The problem => Pictures must not appear in the copy. Restate exactly the lines below from the one with "Show moreIntroducing the" through the one with "Запах — это", inclusive.

Records excerpted from a collection:
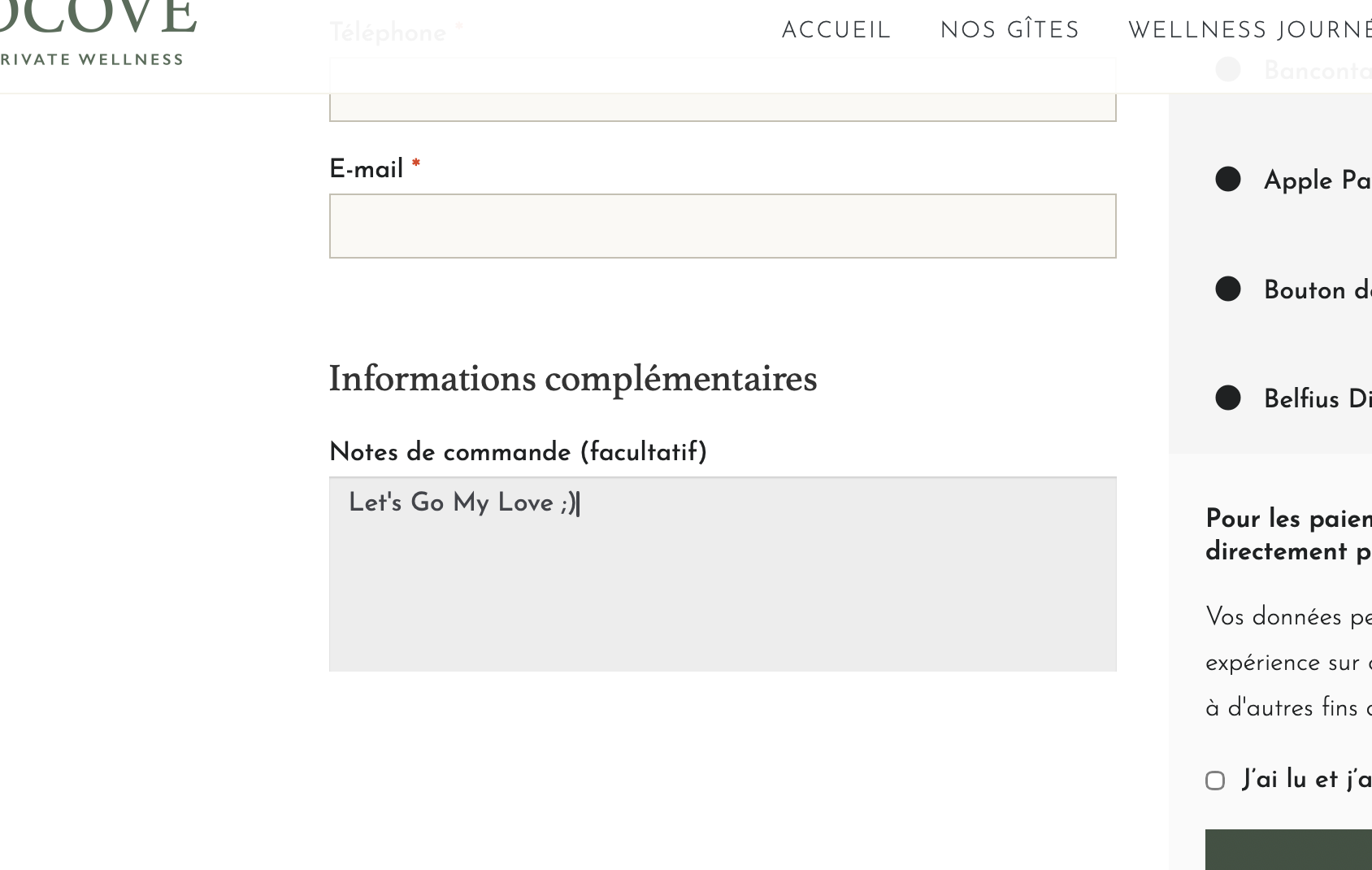 Mentionnez Let's Go My Love au moment de réserver votre séjour en amoureux sur le site officiel de notre partenaire et profitez d'un départ tardif à 12h au lieu de 11h. Regardez cette capture d'écran pour voir où nous mentionner. Cela marche aussi par téléphone ou mail.
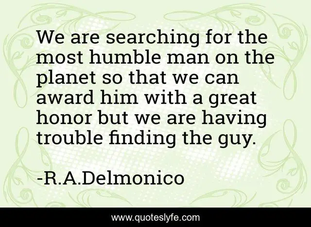 This page presents the quote "We are searching for the most humble man on the planet so that we can award him with a great honor but we are having trouble finding the guy.". Author of this quote is R.A.Delmonico. .
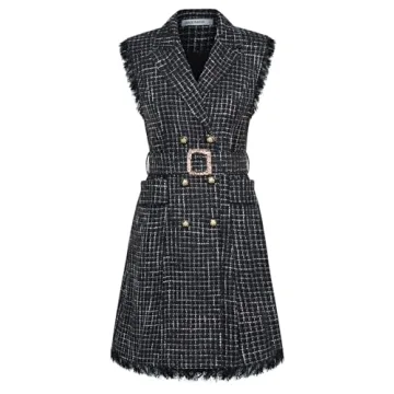 Show moreIntroducing the GRACE KARIN Women Tweed Sleeveless Lapel V Neck Button Down Vintage A-Line Dress, an elegant addition to any woman’s wardrobe. Crafted with quality materials, this black tweed dress is designed to cater to modern fashion needs, seamlessly transitioning from casual outings to more formal events. The stylish lapel V neck design adds sophistication, while the matching belt enhances your silhouette for a personalized fit. Perfect for those who appreciate versatility and timeless style, this dress is sure to become a favorite!
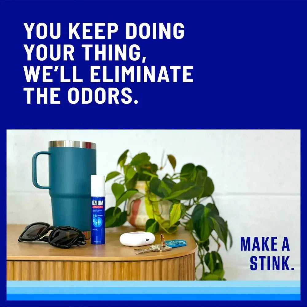 Запах — это просто часть жизни, которая не должна вас сдерживать. Вот почему OZIUM устраняет запахи, вызванные бактериями в воздухе*, так что вы можете продолжать делать вас. Надежный бренд на протяжении 50 лет, OZIUM борется с запахами в вашем доме, офисе, затхлом автомобиле, потной спортивной сумке и везде между ними. Теперь вас ничто не остановит.
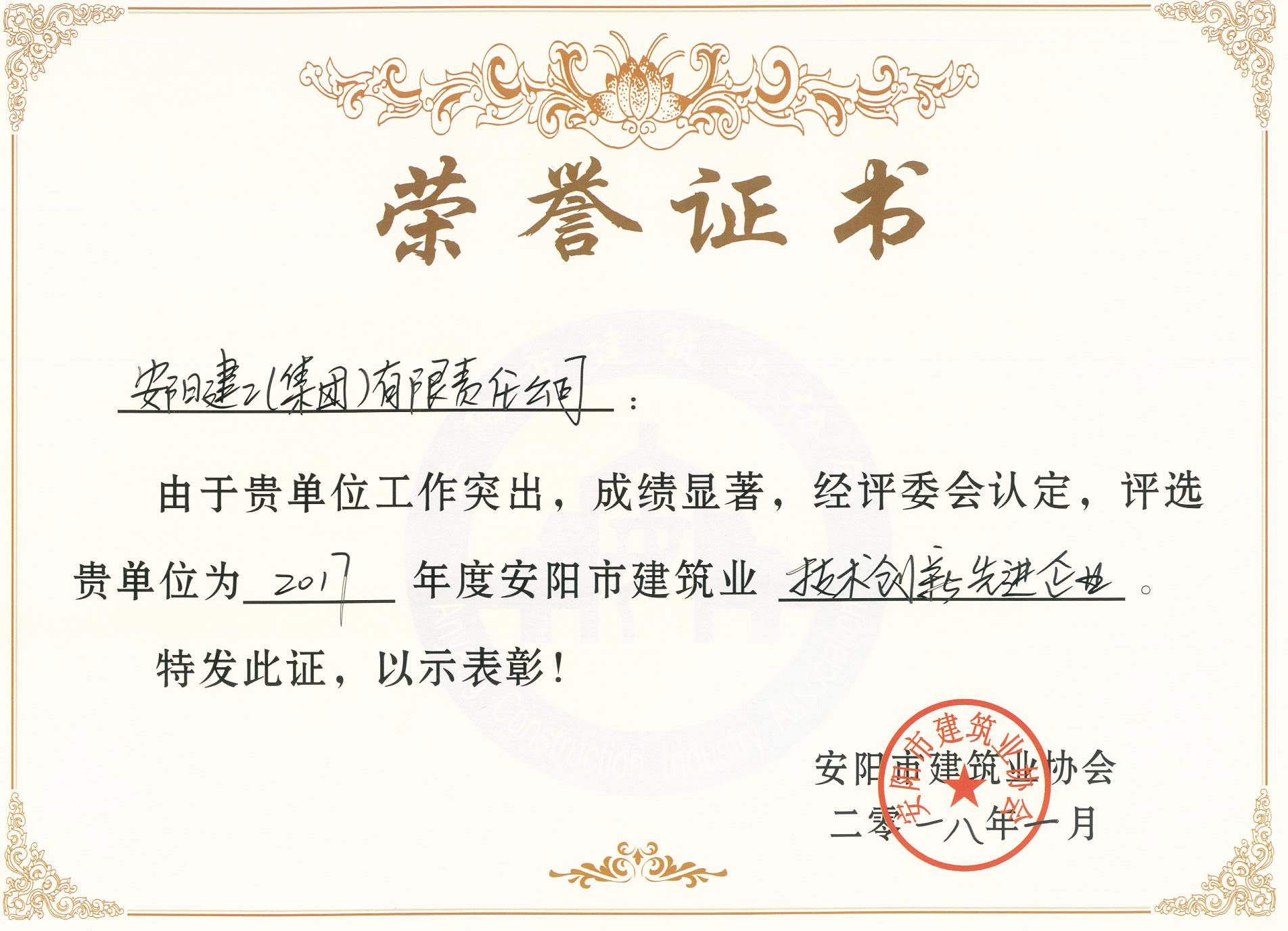 我公司榮獲2017年度安陽市建筑業技術創新先進企業
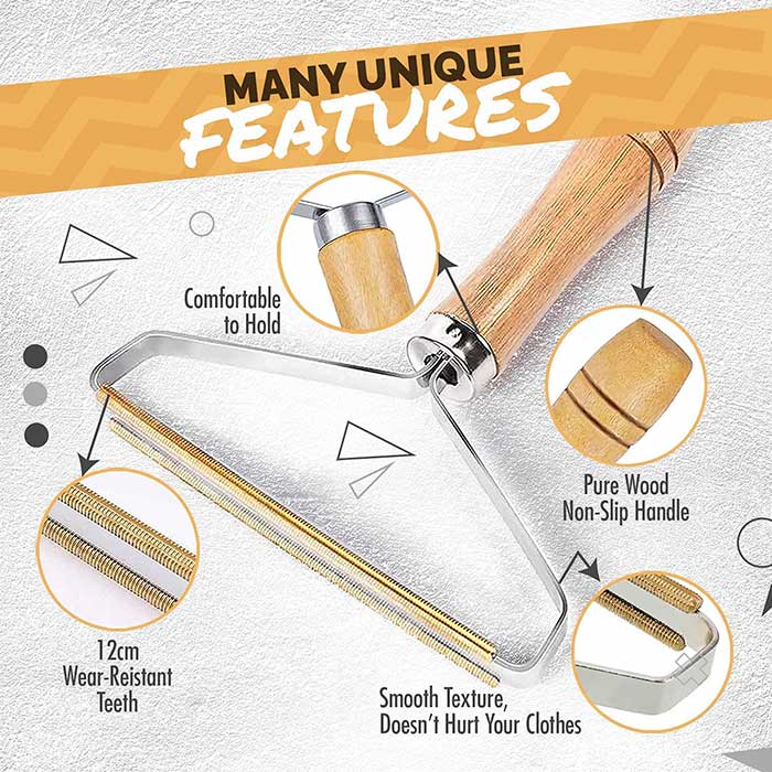 - Уредът за премахване на власинки е с дървена дръжка, която осигурява дълъг експлоатационен живот
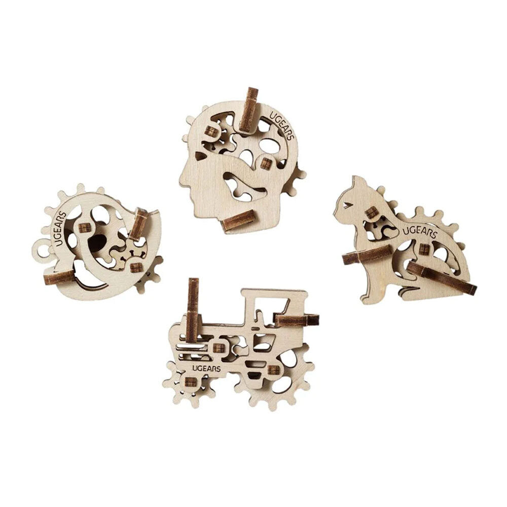 Ugears Australia U-Fidgets Tribics. The unique 4 sets of the individual miniature models (4 tribics in each set) for grown-ups and kids which are made entirely from wooden materials and assemble easily without glue or toothpicks. Use them to organize your thoughts and ideas, drive new insights, relieve stress, regain control over your emotions. Let them become your everyday life companions as key-charms or original trinkets.
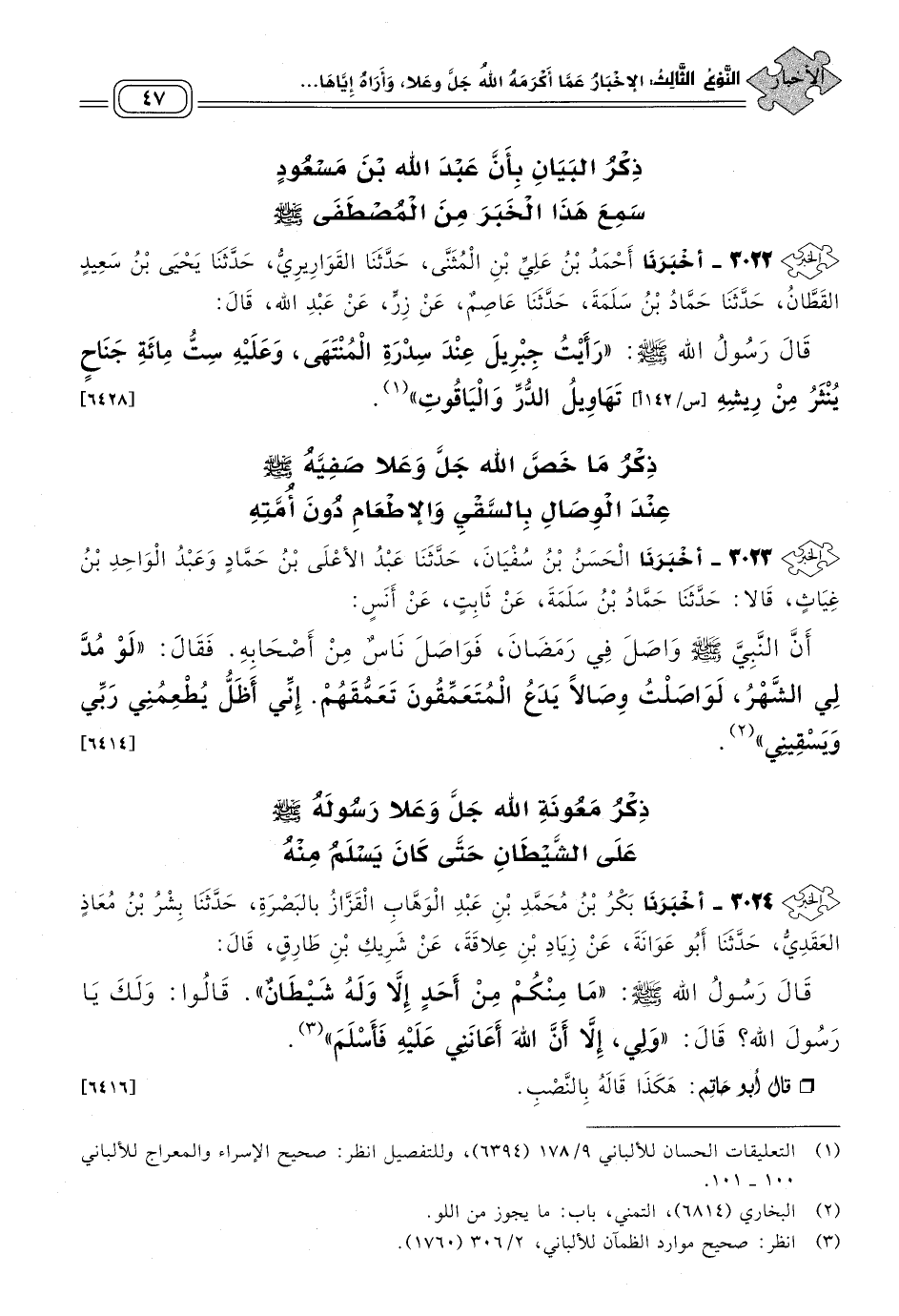 ٣٠٢٢ - أَخبَرنا أَحْمَدُ بْنُ عَلِيِّ بْنِ الْمُثَنَّى، حَدثنا الْقَوَارِيرِيُّ، حَدثنا يَحْيَى بْنُ سَعِيدٍ الْقَطَّانُ، حَدثنا حَمَّادُ بْنُ سَلَمَةَ، حَدثنا عَاصِمٌ، عَنْ زِرٍّ، عَنْ عَبْدِ اللهِ، قَالَ: قَالَ رَسُولُ اللهِ صَلى الله عَلَيه وسَلم: "رَأَيْتُ جِبْرِيلَ عِنْدَ سِدْرَةِ الْمُنْتَهَى، وَعَلَيْهِ سِتُّ مِائَةِ جَنَاحٍ يَنْثُرُ مِنْ رِيشِهِ تَهَاوِيلَ الدُّرِّ وَالْيَاقُوتِ". [٦٤٢٨]

Output for this task =>
 Show moreIntroducing the GRACE KARIN Women Tweed Sleeveless Lapel V Neck Button Down Vintage A-Line Dress, an elegant addition to any woman’s wardrobe. Crafted with quality materials, this black tweed dress is designed to cater to modern fashion needs, seamlessly transitioning from casual outings to more formal events. The stylish lapel V neck design adds sophistication, while the matching belt enhances your silhouette for a personalized fit. Perfect for those who appreciate versatility and timeless style, this dress is sure to become a favorite!
 Запах — это просто часть жизни, которая не должна вас сдерживать. Вот почему OZIUM устраняет запахи, вызванные бактериями в воздухе*, так что вы можете продолжать делать вас. Надежный бренд на протяжении 50 лет, OZIUM борется с запахами в вашем доме, офисе, затхлом автомобиле, потной спортивной сумке и везде между ними. Теперь вас ничто не остановит.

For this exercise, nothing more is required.